Telehealth provider MDLIVE for Cigna serves 62 million people in 50 US states and 10 territories. It wanted to improve its forecasting to reduce patient wait times and balance workloads. The company worked to maintain high-quality services without overburdening staff during the COVID-19 pandemic. It started collaborating with AIDAN Health (AIDAN), a Microsoft partner, to develop machine learning models that could improve its operations.

AIDAN used a many models forecasting architecture on Azure Machine Learning to meet MDLIVE for Cigna’s needs. The company also used Azure DevOps to automate and iterate rapidly, enhancing teamwork. “The collaboration with AIDAN has been very good,” says George Regnery, Chief of Staff for MDLIVE. “We’ve gone back and forth with them to continually improve the model, and it keeps getting better.”

With its new, fine-tuned models, MDLIVE for Cigna greatly improved its load balancing. It has reduced patient wait times by more than 50 percent even as usage has grown each year. Now the company is better equipped to attract and retain qualified medical professionals.

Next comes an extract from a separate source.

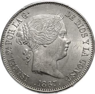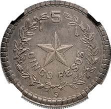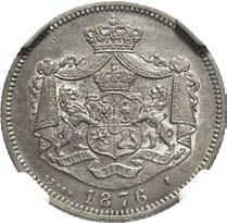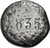 William Wyon is usually given as the engraver for this issue, but it is most likely that the division of labor seen for the British coinage dies persisted for foreign orders, i.e., with Wyon engraving the portraits and Merlen the reverses. The basic design was used by Merlen on several British issues.
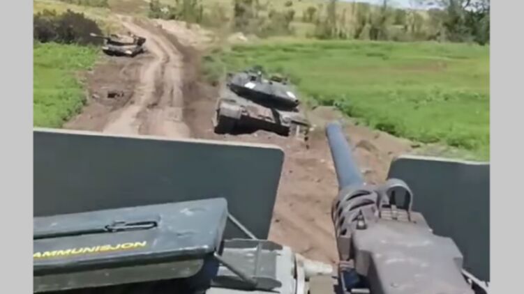 На видео можно заметить, что военнослужащие ВСУ едут на борту бронированной техники по грунтовой дороге, на обочинах которой находится два танка Leopard. На одном из них видны сильные следы копоти.

Forecasting through COVID-19 pandemic difficulties 

MDLIVE is a provider-led telehealth service founded in 2009. After the COVID-19 pandemic upended the operations of many healthcare organizations, Cigna acquired MDLIVE as part of its pivot to telemedicine in 2021. “All the familiar patterns broke down in March of 2020, when visits skyrocketed,” says Regnery. “We were faced with the conundrum of forecasting in the wake of the COVID-19 pandemic.” 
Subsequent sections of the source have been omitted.